What to produce.
Please reproduce all the data exactly as written and omit the pictures.

Given data.
# # # #

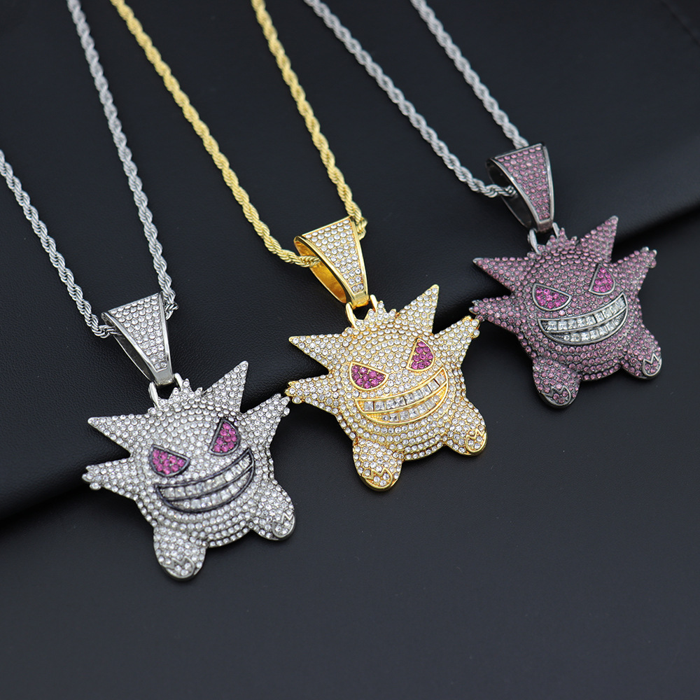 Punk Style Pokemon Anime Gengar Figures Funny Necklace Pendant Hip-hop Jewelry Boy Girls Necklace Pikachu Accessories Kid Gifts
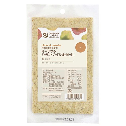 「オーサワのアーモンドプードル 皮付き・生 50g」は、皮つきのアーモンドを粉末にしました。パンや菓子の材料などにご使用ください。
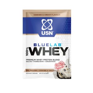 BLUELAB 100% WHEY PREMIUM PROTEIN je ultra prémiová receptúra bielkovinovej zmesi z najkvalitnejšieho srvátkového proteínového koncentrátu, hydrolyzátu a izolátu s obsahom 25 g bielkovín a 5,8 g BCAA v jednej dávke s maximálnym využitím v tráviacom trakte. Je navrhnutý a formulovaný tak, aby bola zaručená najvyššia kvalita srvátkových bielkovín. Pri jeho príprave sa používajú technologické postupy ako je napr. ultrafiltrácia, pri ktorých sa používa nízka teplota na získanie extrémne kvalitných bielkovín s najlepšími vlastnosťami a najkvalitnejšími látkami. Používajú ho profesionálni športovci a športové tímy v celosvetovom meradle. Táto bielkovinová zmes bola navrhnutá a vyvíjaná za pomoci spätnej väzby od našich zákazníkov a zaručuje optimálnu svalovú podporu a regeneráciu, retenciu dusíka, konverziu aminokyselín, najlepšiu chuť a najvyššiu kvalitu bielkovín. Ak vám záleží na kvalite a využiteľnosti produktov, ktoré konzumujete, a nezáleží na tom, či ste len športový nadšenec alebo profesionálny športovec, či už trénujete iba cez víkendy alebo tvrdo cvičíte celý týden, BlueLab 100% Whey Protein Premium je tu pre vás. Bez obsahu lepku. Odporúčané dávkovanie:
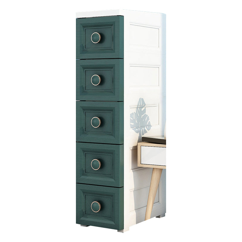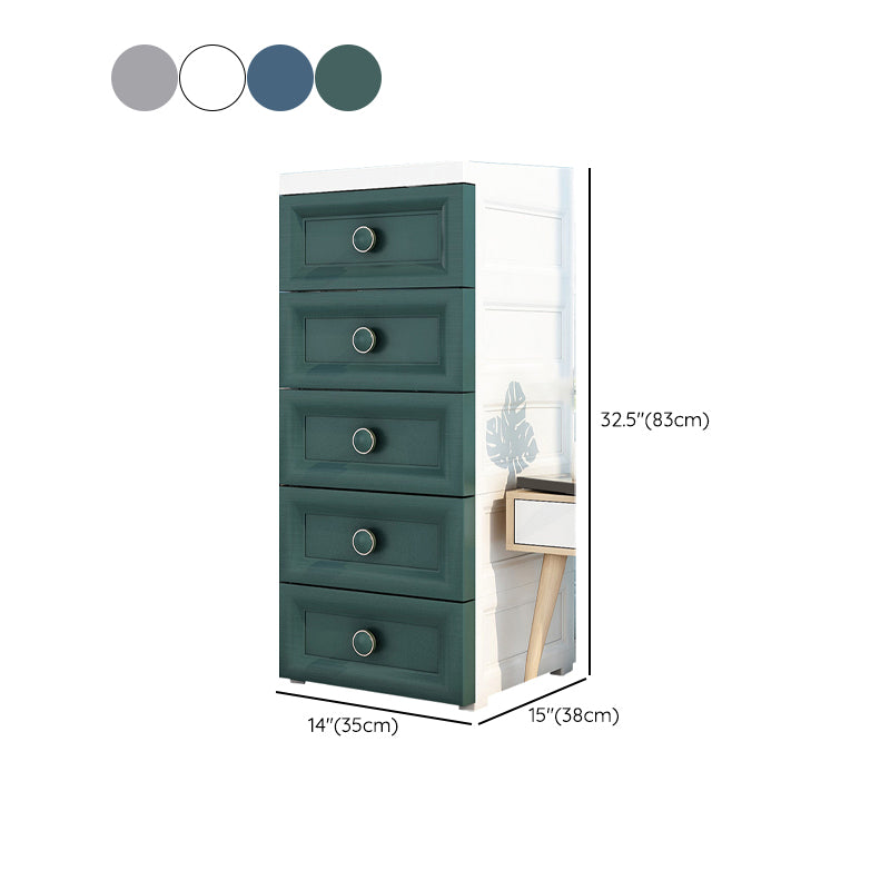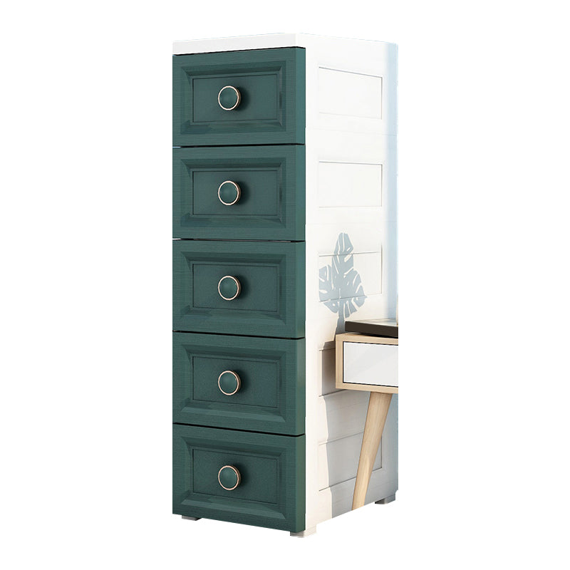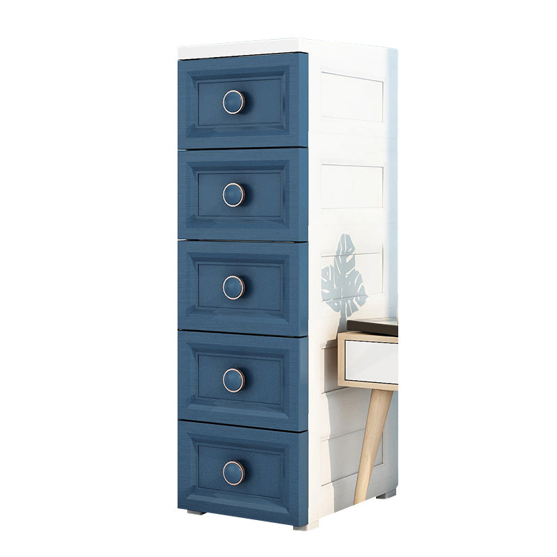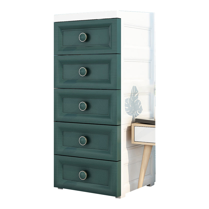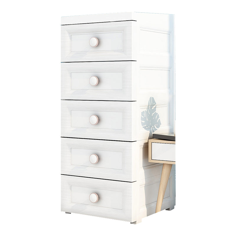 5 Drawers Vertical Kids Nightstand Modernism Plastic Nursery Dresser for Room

# # # #

Written answer.
 Punk Style Pokemon Anime Gengar Figures Funny Necklace Pendant Hip-hop Jewelry Boy Girls Necklace Pikachu Accessories Kid Gifts
 「オーサワのアーモンドプードル 皮付き・生 50g」は、皮つきのアーモンドを粉末にしました。パンや菓子の材料などにご使用ください。
 BLUELAB 100% WHEY PREMIUM PROTEIN je ultra prémiová receptúra bielkovinovej zmesi z najkvalitnejšieho srvátkového proteínového koncentrátu, hydrolyzátu a izolátu s obsahom 25 g bielkovín a 5,8 g BCAA v jednej dávke s maximálnym využitím v tráviacom trakte. Je navrhnutý a formulovaný tak, aby bola zaručená najvyššia kvalita srvátkových bielkovín. Pri jeho príprave sa používajú technologické postupy ako je napr. ultrafiltrácia, pri ktorých sa používa nízka teplota na získanie extrémne kvalitných bielkovín s najlepšími vlastnosťami a najkvalitnejšími látkami. Používajú ho profesionálni športovci a športové tímy v celosvetovom meradle. Táto bielkovinová zmes bola navrhnutá a vyvíjaná za pomoci spätnej väzby od našich zákazníkov a zaručuje optimálnu svalovú podporu a regeneráciu, retenciu dusíka, konverziu aminokyselín, najlepšiu chuť a najvyššiu kvalitu bielkovín. Ak vám záleží na kvalite a využiteľnosti produktov, ktoré konzumujete, a nezáleží na tom, či ste len športový nadšenec alebo profesionálny športovec, či už trénujete iba cez víkendy alebo tvrdo cvičíte celý týden, BlueLab 100% Whey Protein Premium je tu pre vás. Bez obsahu lepku. Odporúčané dávkovanie:
 5 Drawers Vertical Kids Nightstand Modernism Plastic Nursery Dresser for Room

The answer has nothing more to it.